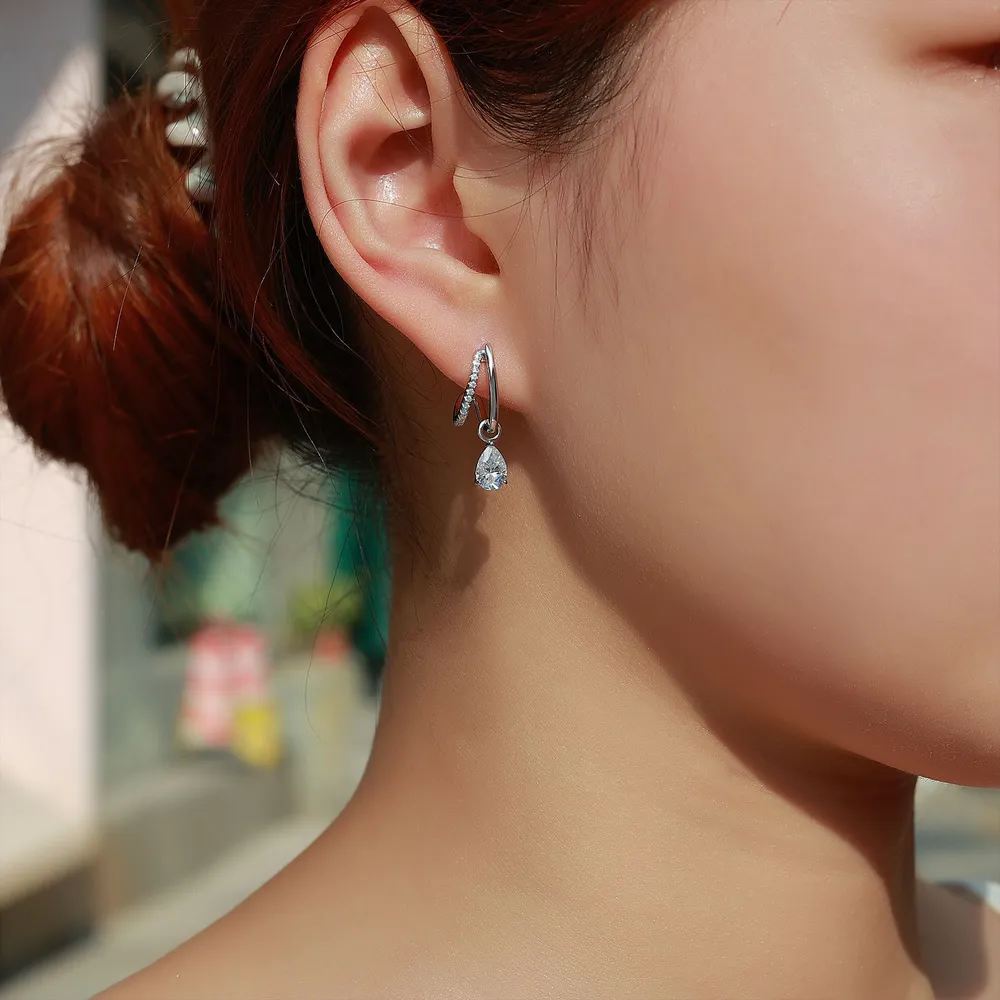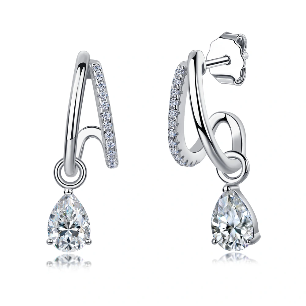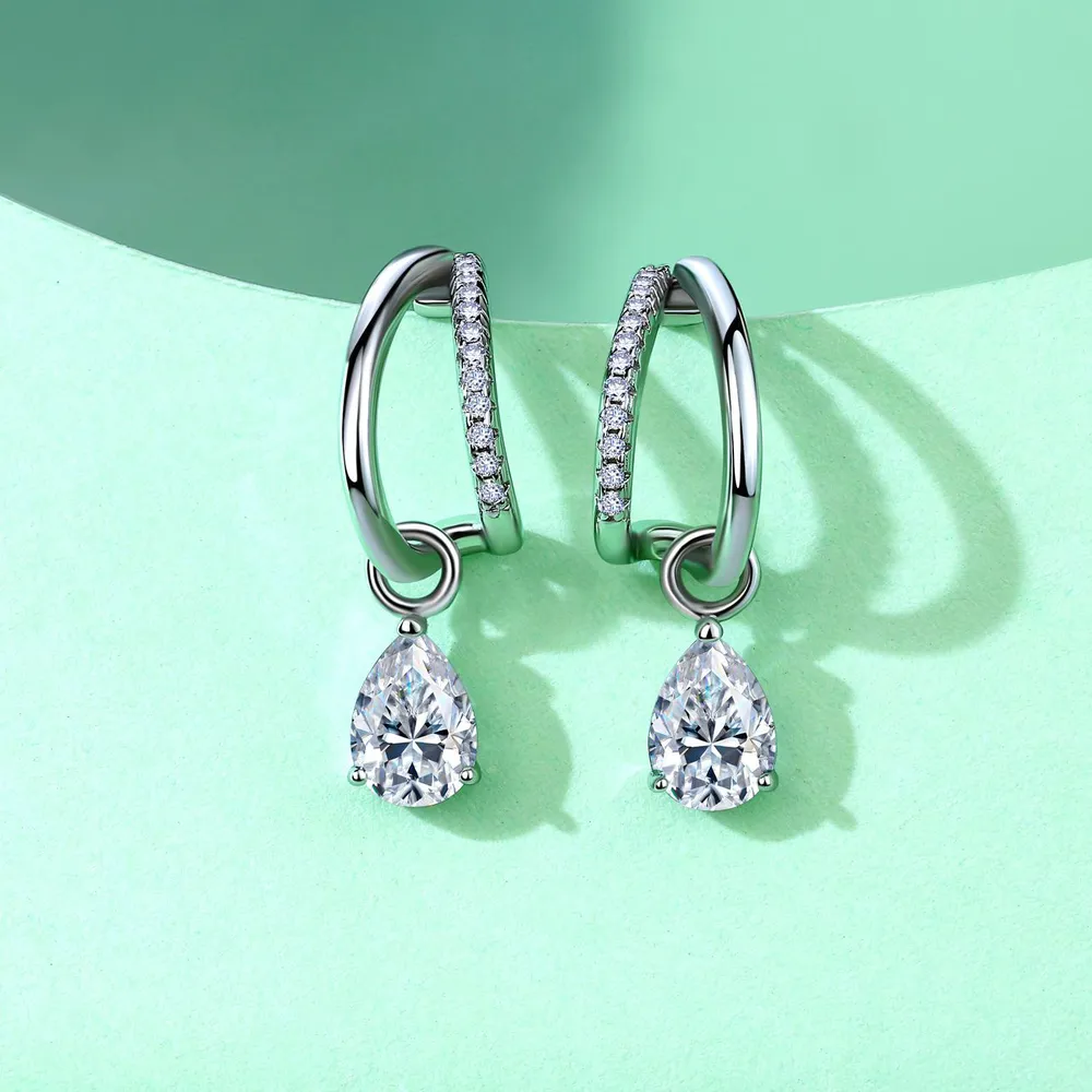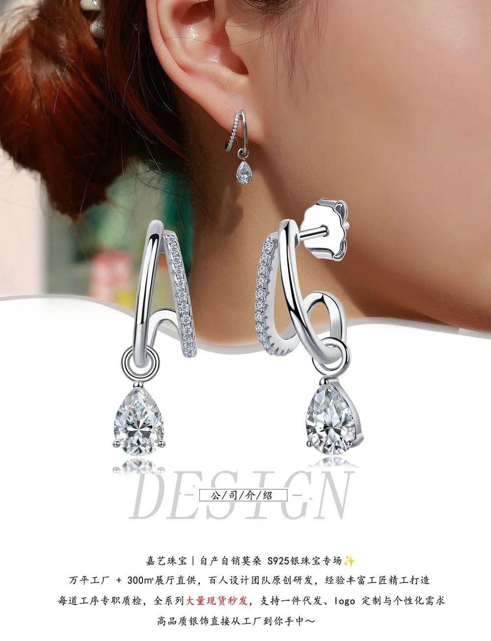 Wholesale 925 Silver D Color Moissanite Teardrop Earrings, Elegant Pear Cut Drop Design, Factory Direct Romantic Understated Luxury Jewelry for Boutique Retail
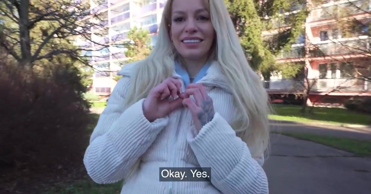 «Если хочется посмотреть на упругие сиськи блондинки, то придется за это щедро заплатить. Но мужик готов выложить приличную сумму, ему совсем не жалко. Белокурая цыпочка получает деньги и показывает грудки прямо на улице. А когда сумма увеличивается в несколько раз, девчонка опускается на колени и принимается делать глубокий минет. Она сосет толстый хер и отдается в бритую пизду, разрешая в неё кончить.»
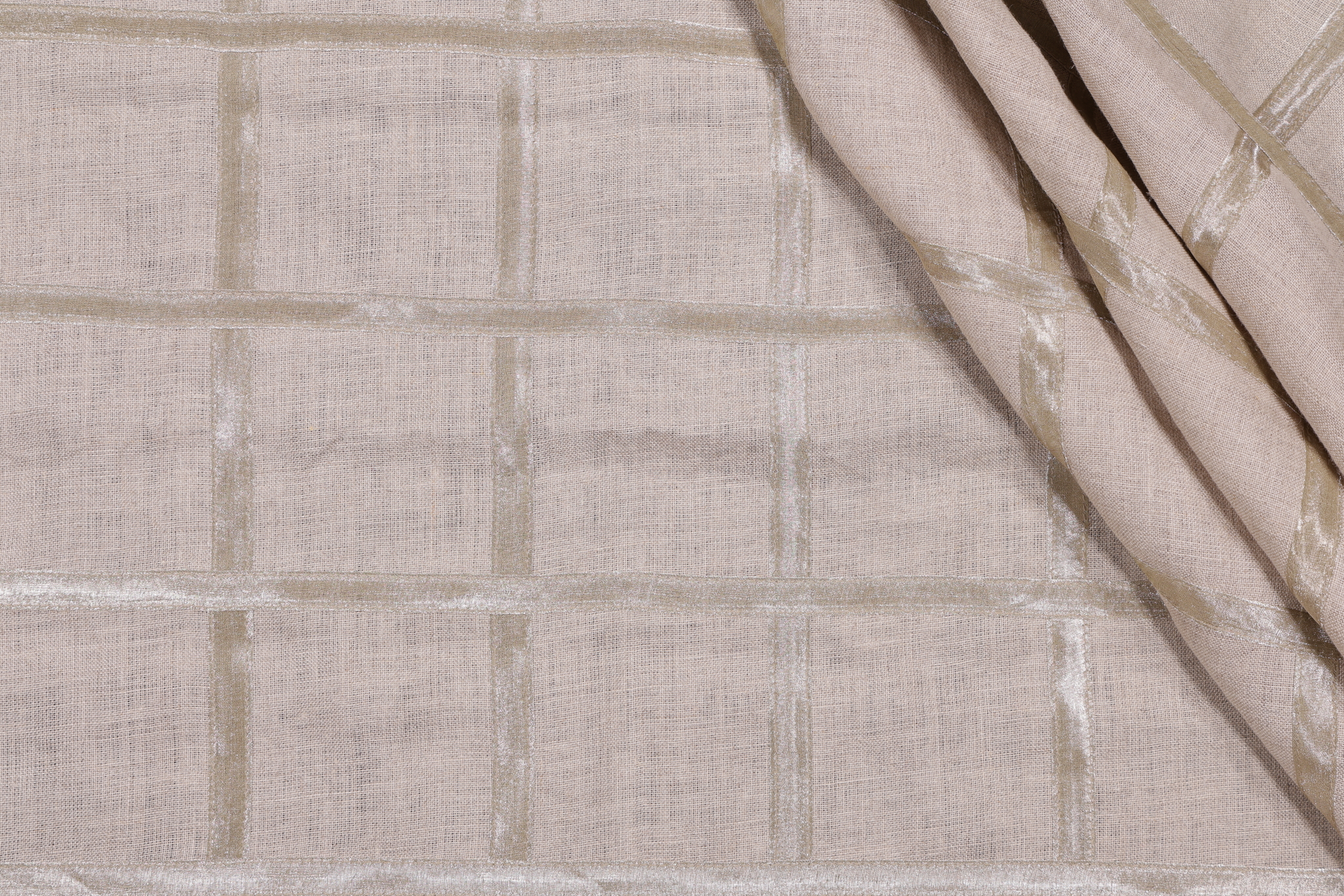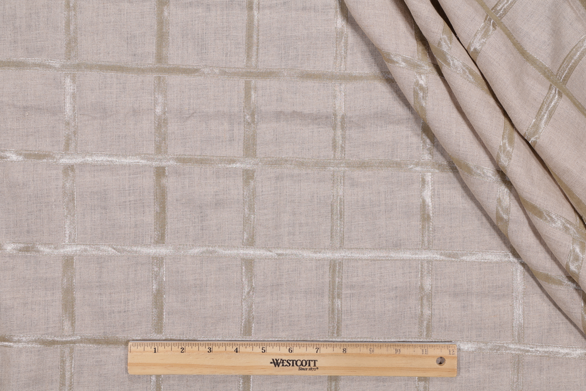 Platinum Box Sheer Applique Drapery Fabric in Platinum is a remnant. Fabric remnants refer to leftover pieces of fabric from production runs at manufacturing sites or pieces that remain from by the yard stock. The lengths of these remnants can vary from a few inches to several yards and are typically sold at a reduced price, since they represent remaining inventory.

WHAT THIS TASK INVOLVES —
Without copying any picture, write out all of the material exactly as it reads.

WRITTEN REPLY —
 Wholesale 925 Silver D Color Moissanite Teardrop Earrings, Elegant Pear Cut Drop Design, Factory Direct Romantic Understated Luxury Jewelry for Boutique Retail
 «Если хочется посмотреть на упругие сиськи блондинки, то придется за это щедро заплатить. Но мужик готов выложить приличную сумму, ему совсем не жалко. Белокурая цыпочка получает деньги и показывает грудки прямо на улице. А когда сумма увеличивается в несколько раз, девчонка опускается на колени и принимается делать глубокий минет. Она сосет толстый хер и отдается в бритую пизду, разрешая в неё кончить.»
 Platinum Box Sheer Applique Drapery Fabric in Platinum is a remnant. Fabric remnants refer to leftover pieces of fabric from production runs at manufacturing sites or pieces that remain from by the yard stock. The lengths of these remnants can vary from a few inches to several yards and are typically sold at a reduced price, since they represent remaining inventory.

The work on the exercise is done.